Littérature française

Monica Sabolo

Éden

✒ Cyrille Falisse

(Librairie Papiers collés, Draguignan)

Dans son nouveau livre, Monica Sabolo poursuit son exploration de l’adolescence, l’ère des découvertes et des possibles où les filles deviennent des femmes. Un roman poétique et entêtant.

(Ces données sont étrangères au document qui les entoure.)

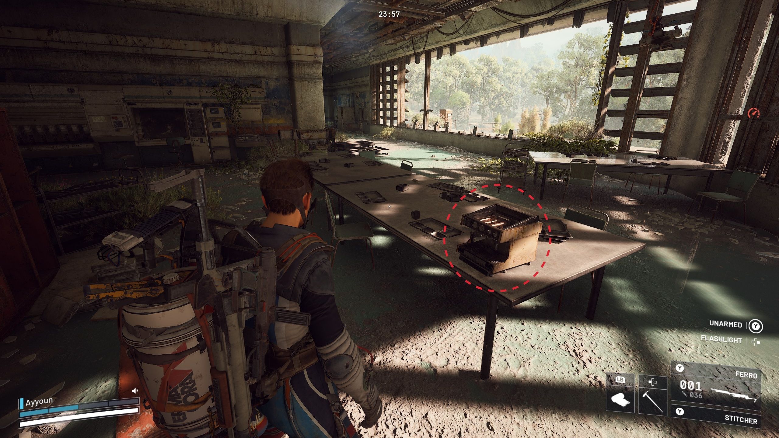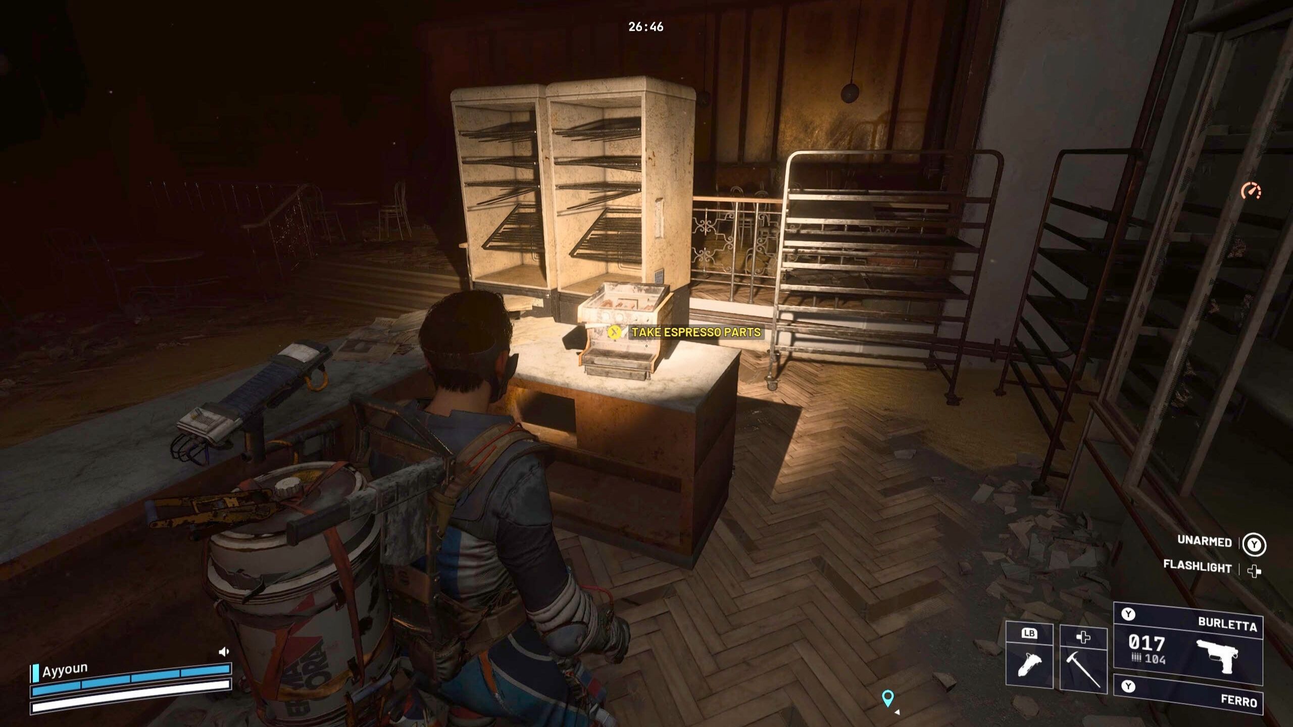 After destroying the turret, go to the right and search on the counter for a broken espresso machine. When you interact with it, you’ll receive Espresso Machine Parts. It’s a good idea to put these parts in your Safe Pocket to keep them safe until you can leave the area. With the parts, you can now return to Apollo and finish the Espresso quest in ARC Raiders.

Dans Crans-Montana (JC Lattès et Pocket), des jeunes gens se jaugent sans s’aborder dans le décor d’une station de ski. Dans Summer (JC Lattès et Le Livre de Poche), une adolescente de 19 ans se volatilise au bord du lac Léman. Vingt-cinq ans plus tard, son frère continue d’être anéanti par son souvenir. Grandir, c’est disparaître, murmurent les fantômes. La nature, personnage à part entière de tous les romans de Monica Sabolo, prend l’apparence d’une sylve séculaire dans Éden. Y bruissent le danger et les menaces : destruction de la forêt par une société d’exploitation, disparitions d’autochtones spoliés de leur terre et agressions violentes d’ouvriers par une force mystérieuse mi-humaine, mi-animale. C’est dans ce contexte anxiogène que Lucy, une jeune fille blonde et fascinante, est laissée pour morte, complètement nue, le corps zébré de griffures, au pied d’un mélèze. Quel est cet Éden ? Si ce n’est la prison dorée des enfants qui grandissent entourés de voix furieuses et obsédantes. Nita, la narratrice, doit sortir de ce paradis perdu où l’on s’éveille adulte malgré soi. Elle est autochtone, son père s’est un jour évanoui dans la forêt et sa voisine et amie Lucy est devenue mutique depuis l’agression. Sublime récit de l’émancipation féminine où les figures masculines sont absentes ou terrifiantes, Éden est aussi un conte écologique où la nature dépossède les hommes de leur raison ou, au contraire, leur confère une force animale, une aura surnaturelle. Entre Twin Peaks et The Village de Shyamalan, le texte de Monica Sabolo est tellement cinématographique que l’on ne peut s’empêcher de lui trouver un double dans le 7e art et avancer qu’elle est au roman d’adolescence ce que Sofia Coppola est au « Teen Movie » : mêmes atmosphères délicates et insaisissables, même maîtrise narrative de l’ennui et de la mélancolie, même grâce tout simplement.